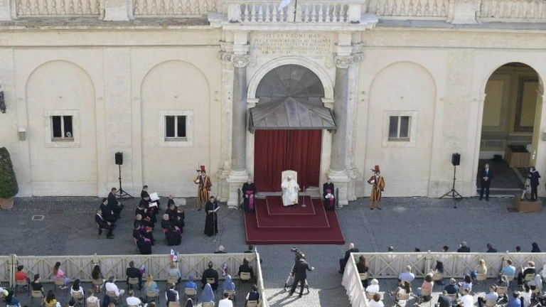 "Exhorto a la comunidad internacional a trabajar para que se respeten los edificios que deberían proteger a los jóvenes estudiantes. Que no falte el esfuerzo para garantizarles ambientes seguros para la formación, sobre todo en situaciones de emergencia humanitaria", es el llamamiento que hizo el Papa Francisco en la Audiencia General de este miércoles, 9 de septiembre de 2020, desde el Patio de San Dámaso del Vaticano.
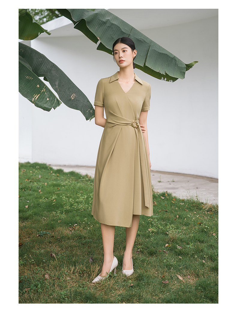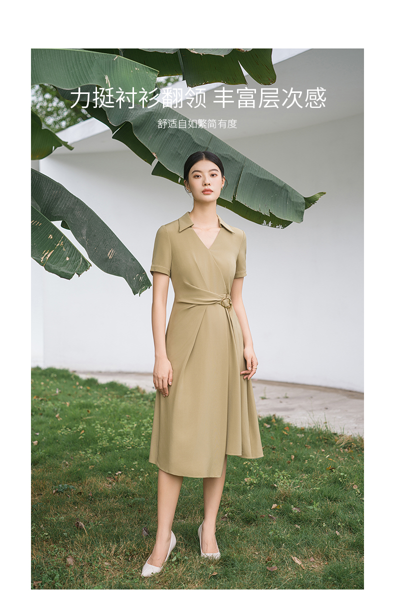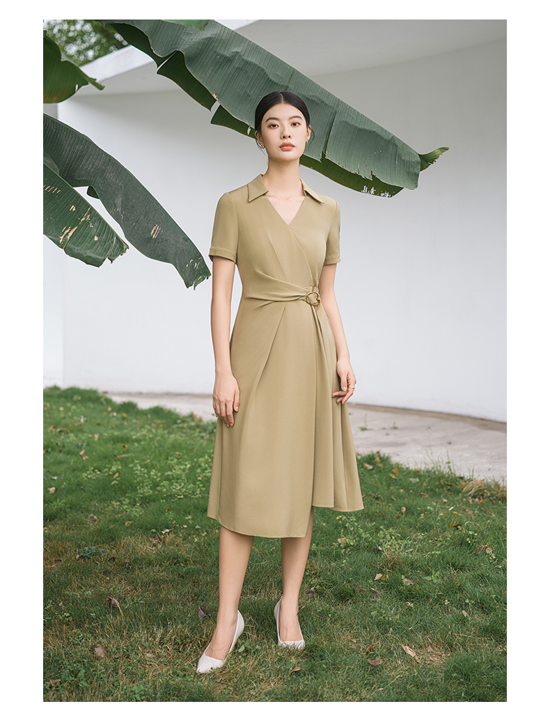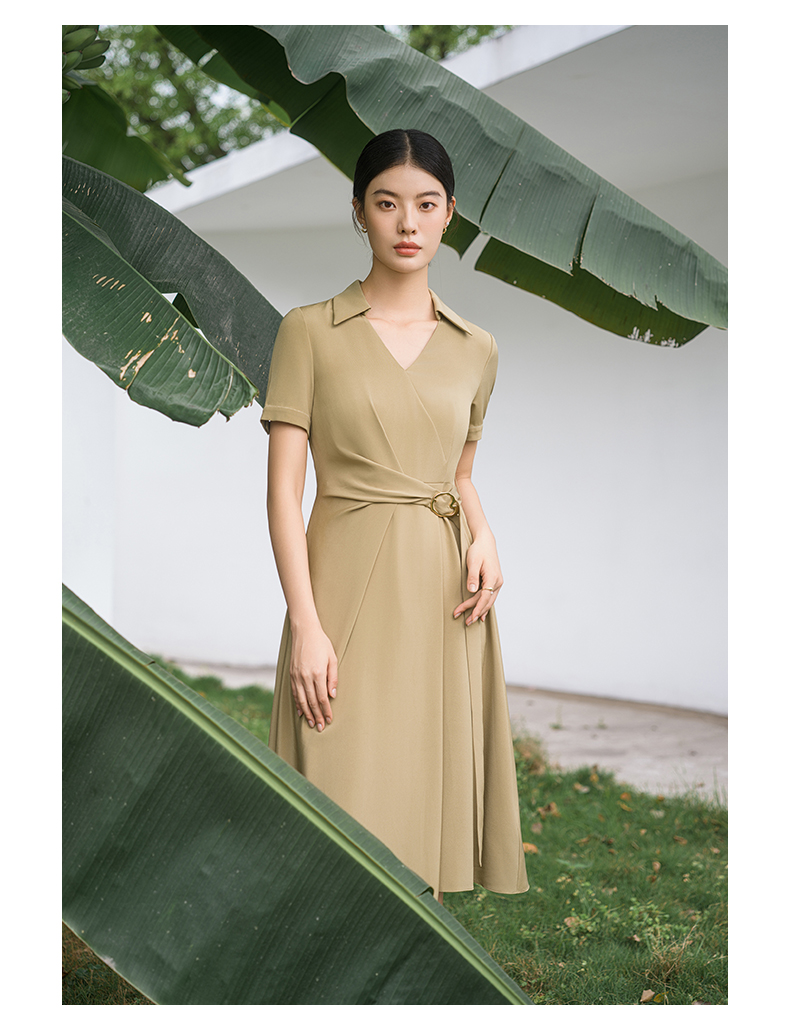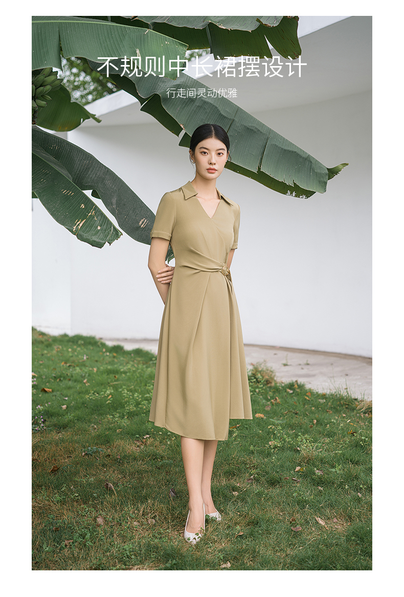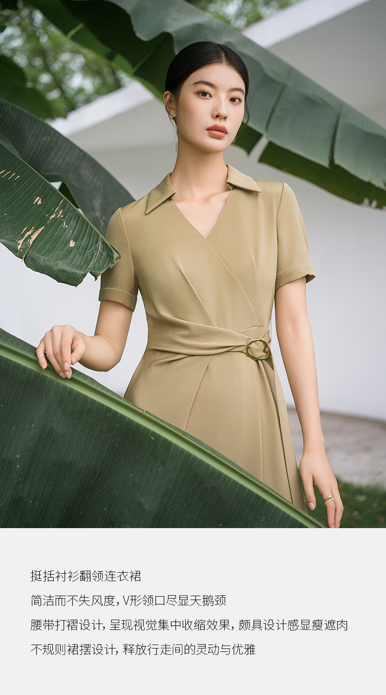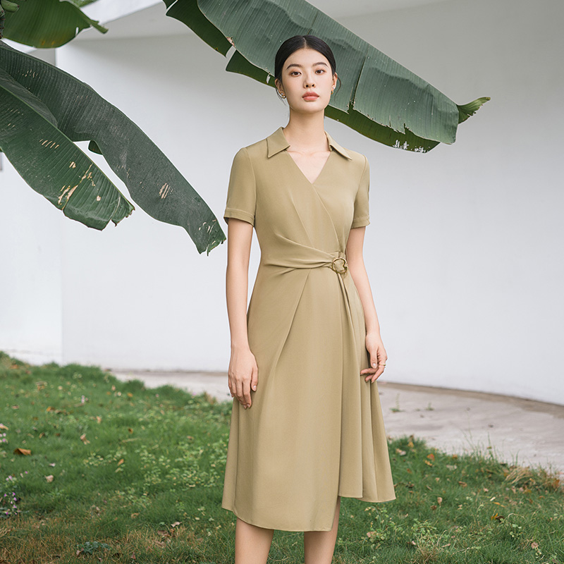 IWY/优雅卡其色连衣裙女经理上班商务裙子设计感不规则名媛工作服面试Q14254
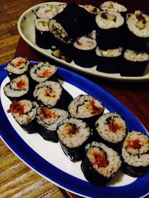 いそがしくなる前の、海苔巻き Category:台所遊び Date:2015年01月12日 浸かり過ぎた胡瓜漬け生姜の甘酢漬け潰れ梅に花かつを頂き物の柴漬けの残り色々合わせて海苔巻きにします酢飯も味付けも要らないからカンタンひとくちサイズに切って山盛りにして置くので通りかかりにつまんでいってね何かと台所がいそがしくなる前にこうして準備しておくのです二度と同じ味はありませんいつものことだけど[1回]PR
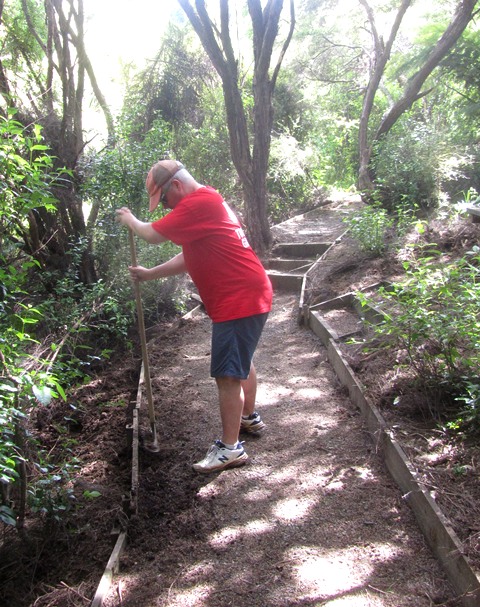 In other track sections, erosion and ground movement had made the surface uneven. The team used rakes and spades to level the ground.
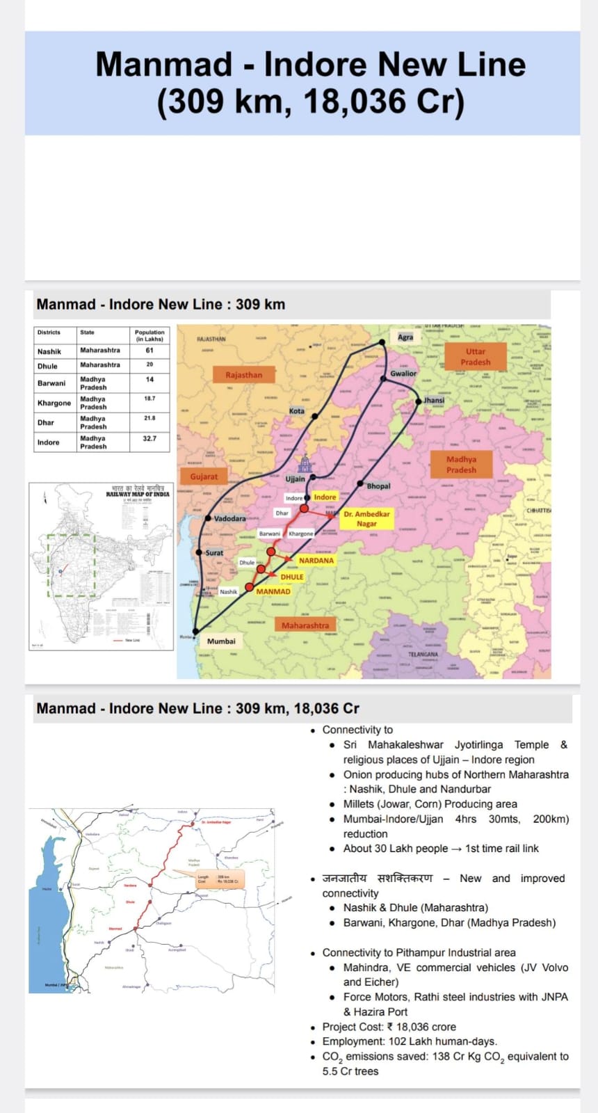 मुंबई और इंदौर के बीच सबसे छोटा रेल सम्पर्क प्रदान करने के लिए 309 किलोमीटर लंबी नई रेलवे लाइन परियोजना को मंजूरी दी
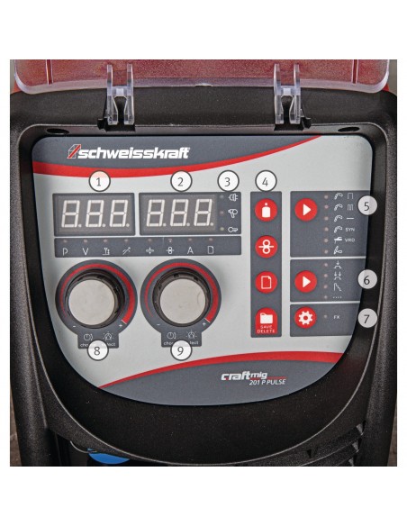 - Dokładne ustawianie parametrów spawania za pomocą cyfrowego wyświetlacza z pamięcią zadań
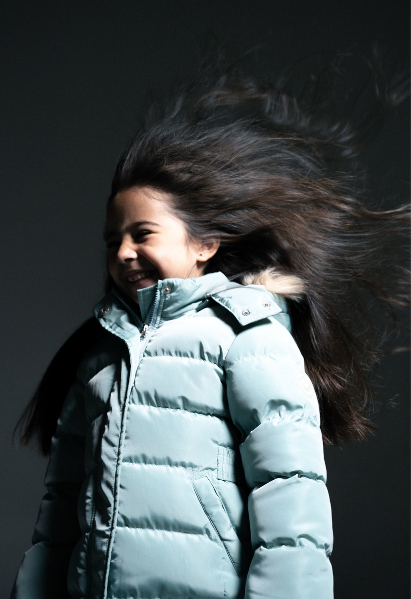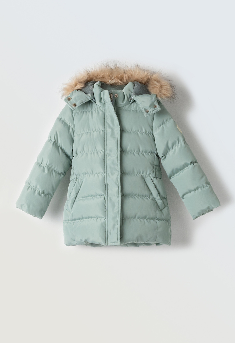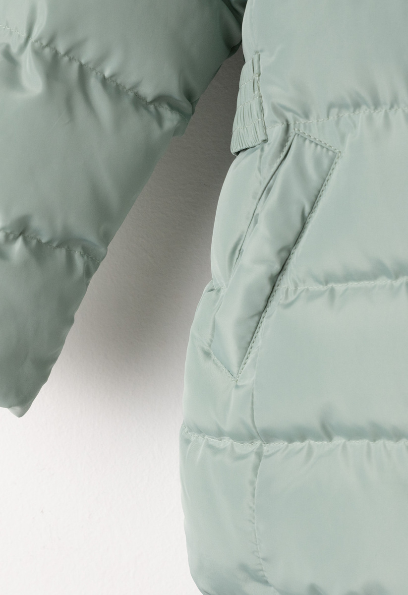 Μπουφάν ΕΒΙΤΑ σε μέντα χρώμα με αποσπώμενη κουκούλα, εσωτερική βελουτέ επένδυση, ελαστικότητα στη μέση, κούμπωμα με κουμπιά και φερμουάρ, δύο εσωτερικές τσέπες.
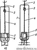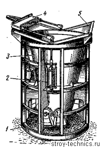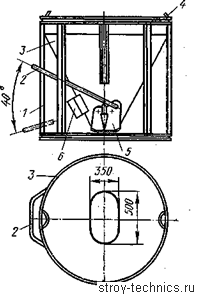 Неповоротные бадьи вместимостью 0,5 м3 и 1 м3 (рис.4) используют преимущественно на заводах сборных железобетонных изделий. Бадья состоит из каркаса, к которому приварен корпус 3 цилиндроконической формы, закрываемый снизу затвором 5. Затвором управляют с помощью рычага.
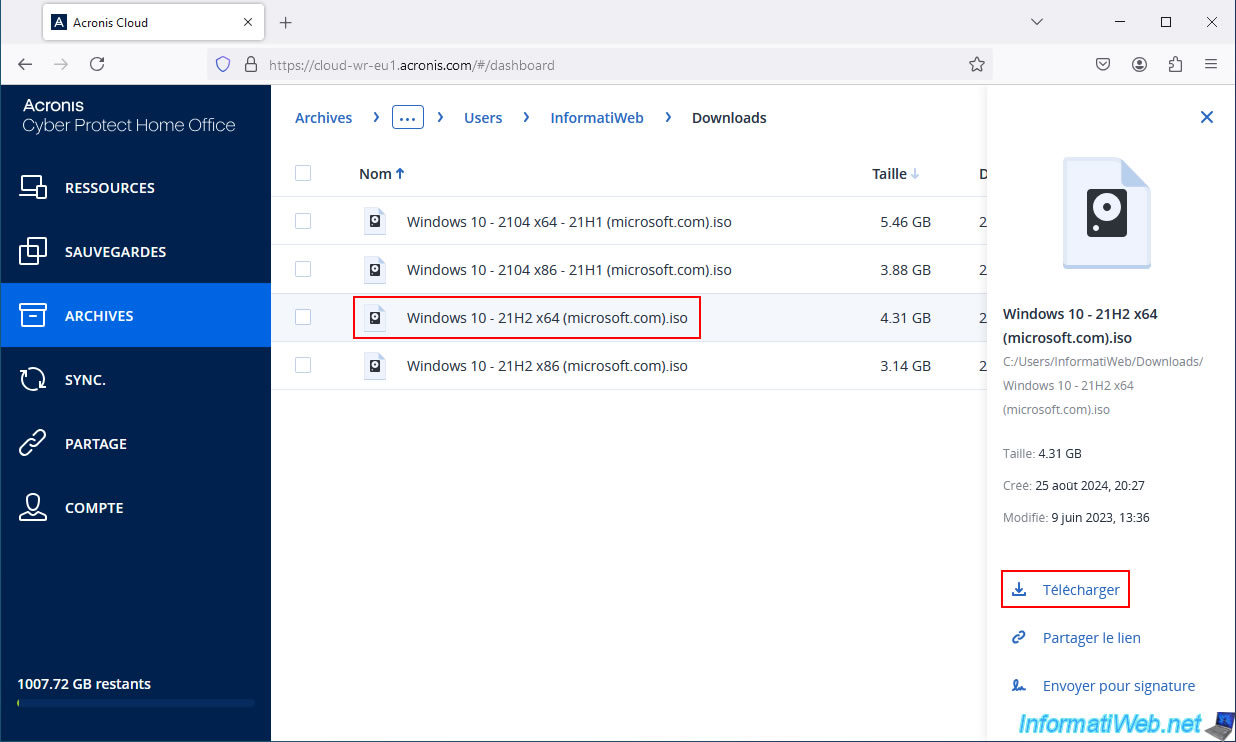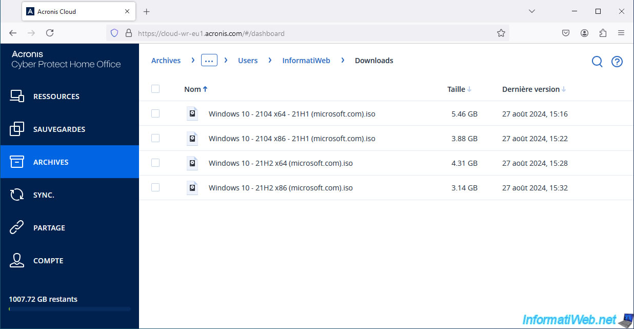 In our case, we can recover our archived files via Acronis Cyber Protect Home Office (True Image).
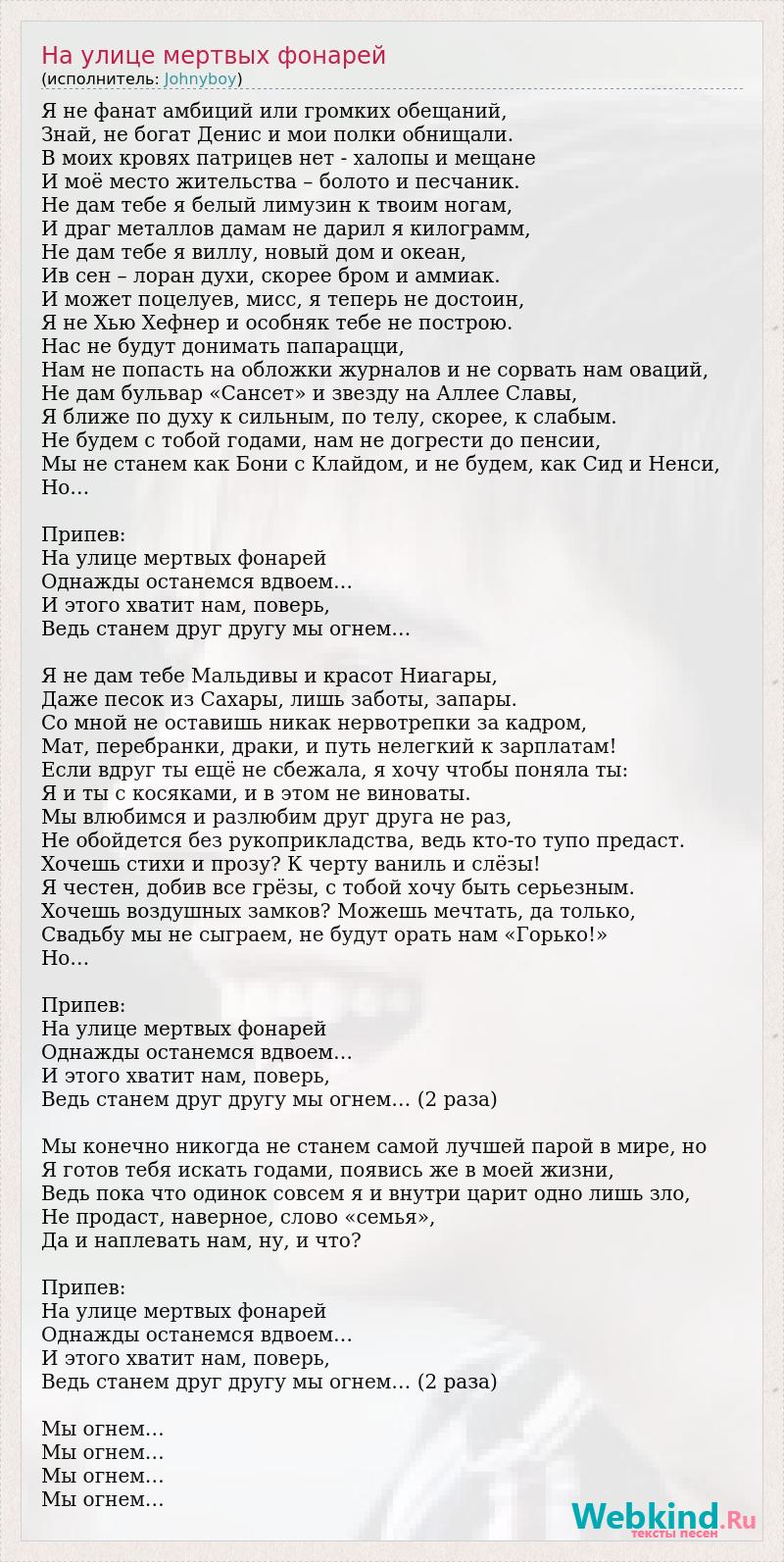 Я не фанат амбиций или громких обещаний, Знай, не богат Денис и мои полки обнищали. В моих кровях патрицев нет - халопы и мещане И моё место жительства – болото и песчаник. Не дам тебе я белый лимузин к твоим ногам, И драг металлов дамам не дарил я килограмм, Не дам тебе я виллу, новый дом и океан, Ив сен – лоран духи, скорее бром и аммиак. И может поцелуев, мисс, я теперь не достоин, Я не Хью Хефнер и особняк тебе не построю. Нас не будут донимать папарацци, Нам не попасть на обложки журналов и не сорвать нам оваций, Не дам бульвар «Сансет» и звезду на Аллее Славы, Я ближе по духу к сильным, по телу, скорее, к слабым. Не будем с тобой годами, нам не догрести до пенсии, Мы не станем как Бони с Клайдом, и не будем, как Сид и Ненси, Но… Припев: На улице мертвых фонарей Однажды останемся вдвоем… И этого хватит нам, поверь, Ведь станем друг другу мы огнем… Я не дам тебе Мальдивы и красот Ниагары, Даже песок из Сахары, лишь заботы, запары. Со мной не оставишь никак нервотрепки за кадром, Мат, перебранки, драки, и путь нелегкий к зарплатам! Если вдруг ты ещё не сбежала, я хочу чтобы поняла ты: Я и ты с косяками, и в этом не виноваты. Мы влюбимся и разлюбим друг друга не раз, Не обойдется без рукоприкладства, ведь кто-то тупо предаст. Хочешь стихи и прозу? К черту ваниль и слёзы! Я честен, добив все грёзы, с тобой хочу быть серьезным. Хочешь воздушных замков? Можешь мечтать, да только, Свадьбу мы не сыграем, не будут орать нам «Горько!» Но… Припев: На улице мертвых фонарей Однажды останемся вдвоем… И этого хватит нам, поверь, Ведь станем друг другу мы огнем… (2 раза) Мы конечно никогда не станем самой лучшей парой в мире, но Я готов тебя искать годами, появись же в моей жизни, Ведь пока что одинок совсем я и внутри царит одно лишь зло, Не продаст, наверное, слово «семья», Да и наплевать нам, ну, и что? Припев: На улице мертвых фонарей Однажды останемся вдвоем… И этого хватит нам, поверь, Ведь станем друг другу мы огнем… (2 раза) Мы огнем… Мы огнем… Мы огнем… Мы огнем…
+++++
The problem
Each line from the first line of the entries through the line containing "In our case, we" should be duplicated word for word, and nothing more; the pictures stay out.

Output of the task
 "Exhorto a la comunidad internacional a trabajar para que se respeten los edificios que deberían proteger a los jóvenes estudiantes. Que no falte el esfuerzo para garantizarles ambientes seguros para la formación, sobre todo en situaciones de emergencia humanitaria", es el llamamiento que hizo el Papa Francisco en la Audiencia General de este miércoles, 9 de septiembre de 2020, desde el Patio de San Dámaso del Vaticano.
 IWY/优雅卡其色连衣裙女经理上班商务裙子设计感不规则名媛工作服面试Q14254
 いそがしくなる前の、海苔巻き Category:台所遊び Date:2015年01月12日 浸かり過ぎた胡瓜漬け生姜の甘酢漬け潰れ梅に花かつを頂き物の柴漬けの残り色々合わせて海苔巻きにします酢飯も味付けも要らないからカンタンひとくちサイズに切って山盛りにして置くので通りかかりにつまんでいってね何かと台所がいそがしくなる前にこうして準備しておくのです二度と同じ味はありませんいつものことだけど[1回]PR
 In other track sections, erosion and ground movement had made the surface uneven. The team used rakes and spades to level the ground.
 मुंबई और इंदौर के बीच सबसे छोटा रेल सम्पर्क प्रदान करने के लिए 309 किलोमीटर लंबी नई रेलवे लाइन परियोजना को मंजूरी दी
 - Dokładne ustawianie parametrów spawania za pomocą cyfrowego wyświetlacza z pamięcią zadań
 Μπουφάν ΕΒΙΤΑ σε μέντα χρώμα με αποσπώμενη κουκούλα, εσωτερική βελουτέ επένδυση, ελαστικότητα στη μέση, κούμπωμα με κουμπιά και φερμουάρ, δύο εσωτερικές τσέπες.
 Неповоротные бадьи вместимостью 0,5 м3 и 1 м3 (рис.4) используют преимущественно на заводах сборных железобетонных изделий. Бадья состоит из каркаса, к которому приварен корпус 3 цилиндроконической формы, закрываемый снизу затвором 5. Затвором управляют с помощью рычага.
 In our case, we can recover our archived files via Acronis Cyber Protect Home Office (True Image).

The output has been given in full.